── Material for this task
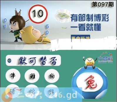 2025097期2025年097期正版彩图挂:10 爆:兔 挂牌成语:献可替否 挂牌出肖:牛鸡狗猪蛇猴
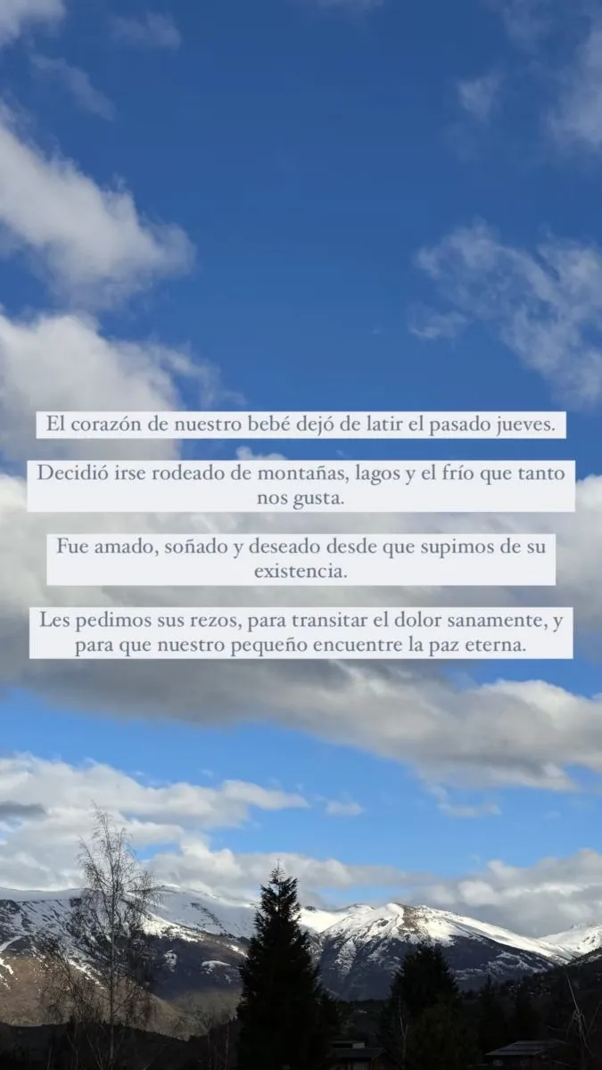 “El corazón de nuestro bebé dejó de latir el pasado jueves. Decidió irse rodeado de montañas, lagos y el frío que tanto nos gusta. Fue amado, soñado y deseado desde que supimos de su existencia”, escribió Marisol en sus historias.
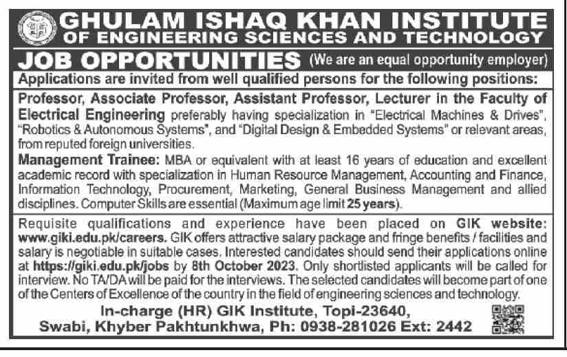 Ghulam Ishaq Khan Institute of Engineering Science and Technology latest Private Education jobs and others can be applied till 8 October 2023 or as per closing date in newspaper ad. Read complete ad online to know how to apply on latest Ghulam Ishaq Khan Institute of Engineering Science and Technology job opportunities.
────
── Material for this task
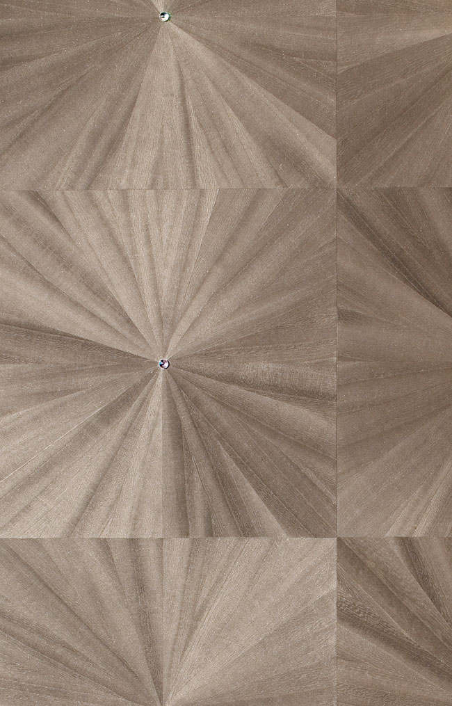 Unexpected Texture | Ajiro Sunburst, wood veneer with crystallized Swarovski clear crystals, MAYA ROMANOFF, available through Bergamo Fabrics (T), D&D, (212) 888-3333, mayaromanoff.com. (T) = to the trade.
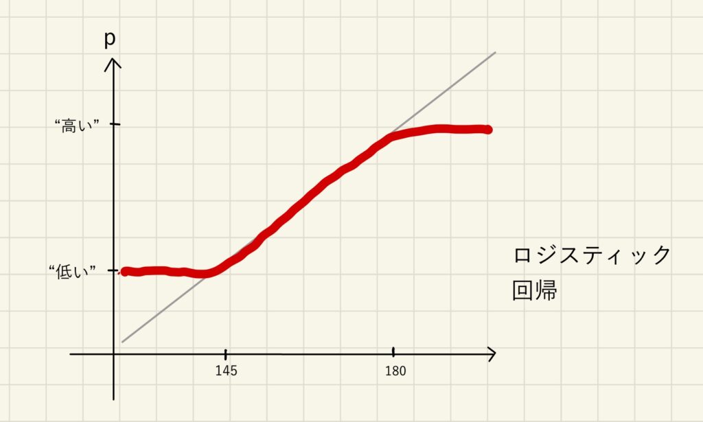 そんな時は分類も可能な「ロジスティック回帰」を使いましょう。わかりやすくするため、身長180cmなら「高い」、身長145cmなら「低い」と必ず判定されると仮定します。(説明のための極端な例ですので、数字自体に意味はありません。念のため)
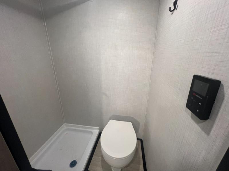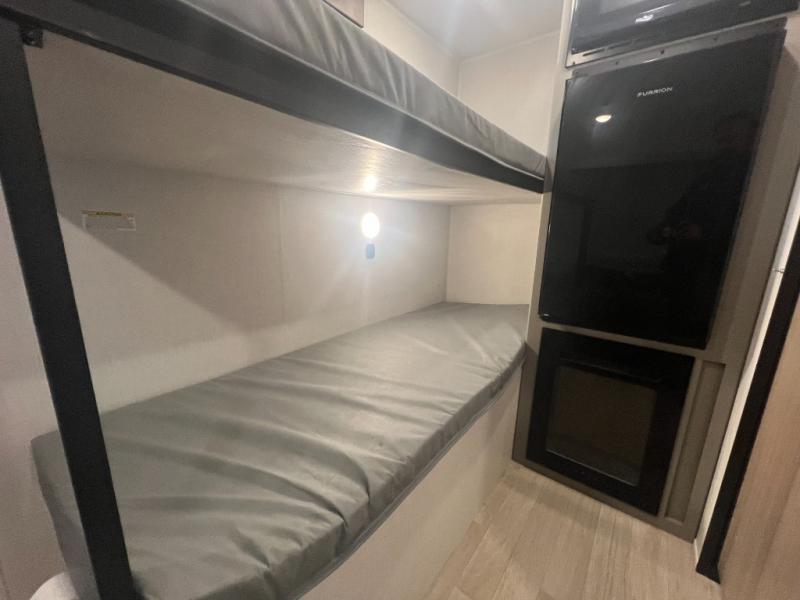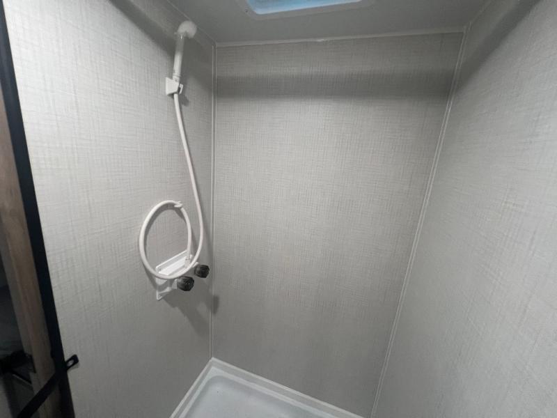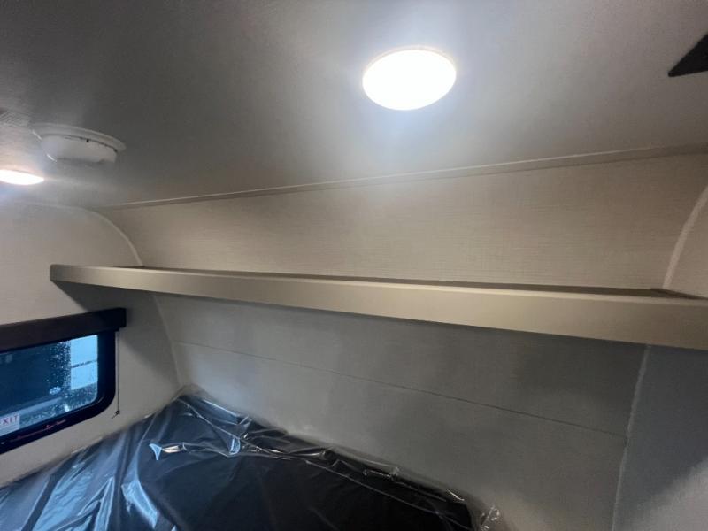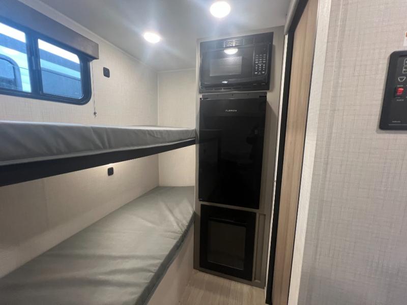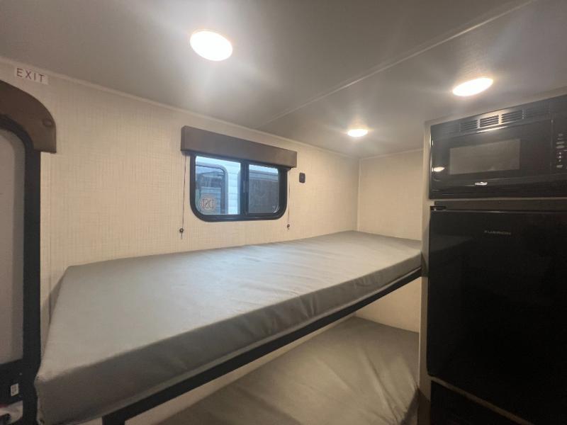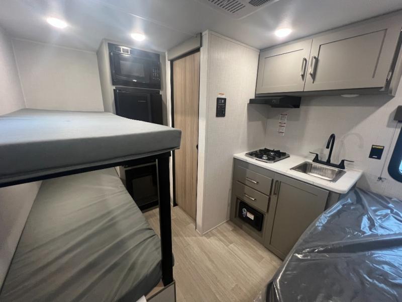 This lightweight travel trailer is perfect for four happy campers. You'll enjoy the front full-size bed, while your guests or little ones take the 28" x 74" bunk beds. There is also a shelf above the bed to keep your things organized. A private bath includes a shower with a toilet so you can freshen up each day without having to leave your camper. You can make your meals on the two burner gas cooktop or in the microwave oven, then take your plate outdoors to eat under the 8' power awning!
────
── Material for this task
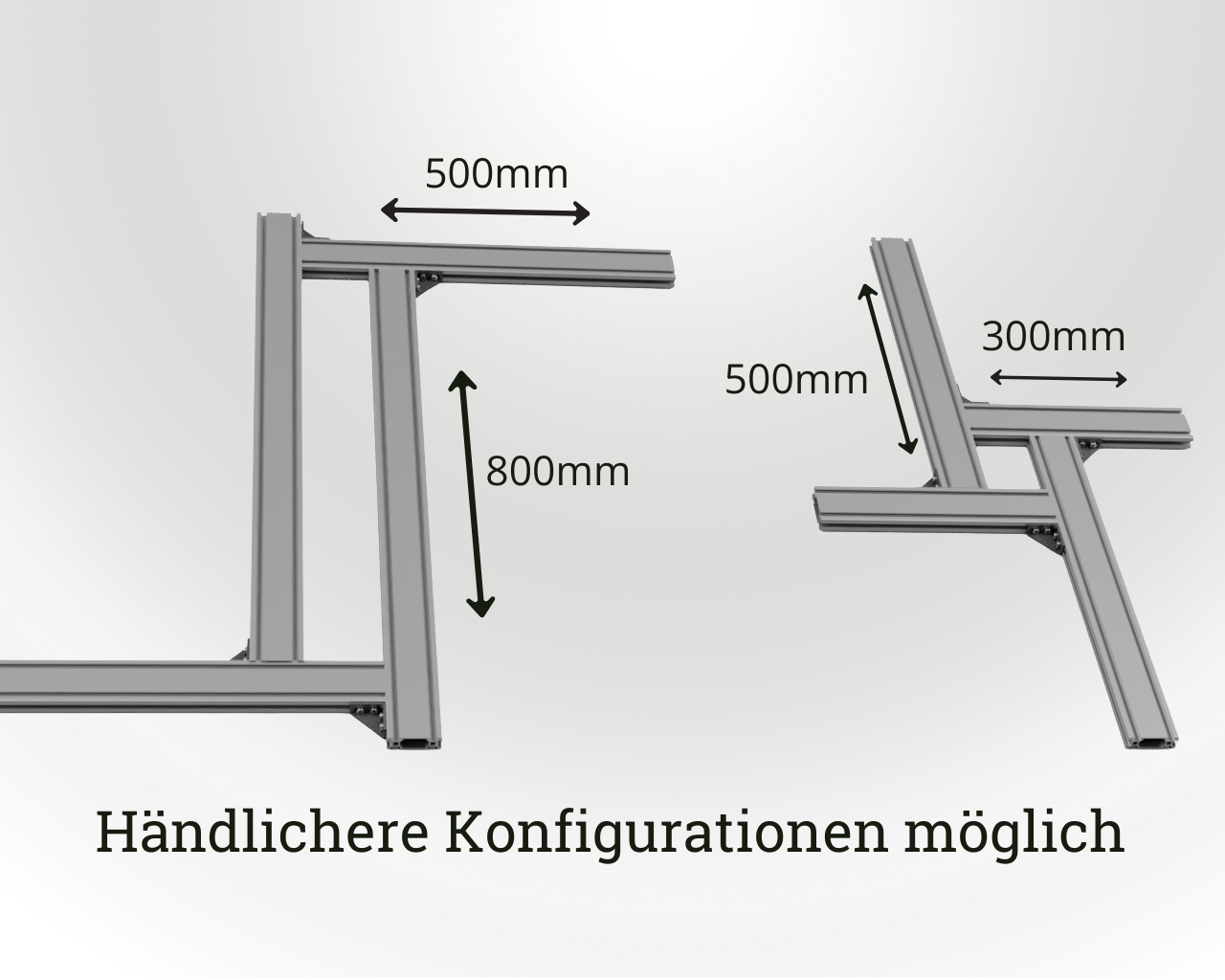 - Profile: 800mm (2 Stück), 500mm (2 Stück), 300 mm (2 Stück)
────
* **What this task involves**:
Within the listing above, write out the stretch from the line with "2025097期2025年097期正版彩图挂:10 爆:兔 挂牌成语:献可替否" through the line with "en sus historias." exactly. Any pictures are to be left out.

* **Completed exercise**:
 2025097期2025年097期正版彩图挂:10 爆:兔 挂牌成语:献可替否 挂牌出肖:牛鸡狗猪蛇猴
 “El corazón de nuestro bebé dejó de latir el pasado jueves. Decidió irse rodeado de montañas, lagos y el frío que tanto nos gusta. Fue amado, soñado y deseado desde que supimos de su existencia”, escribió Marisol en sus historias.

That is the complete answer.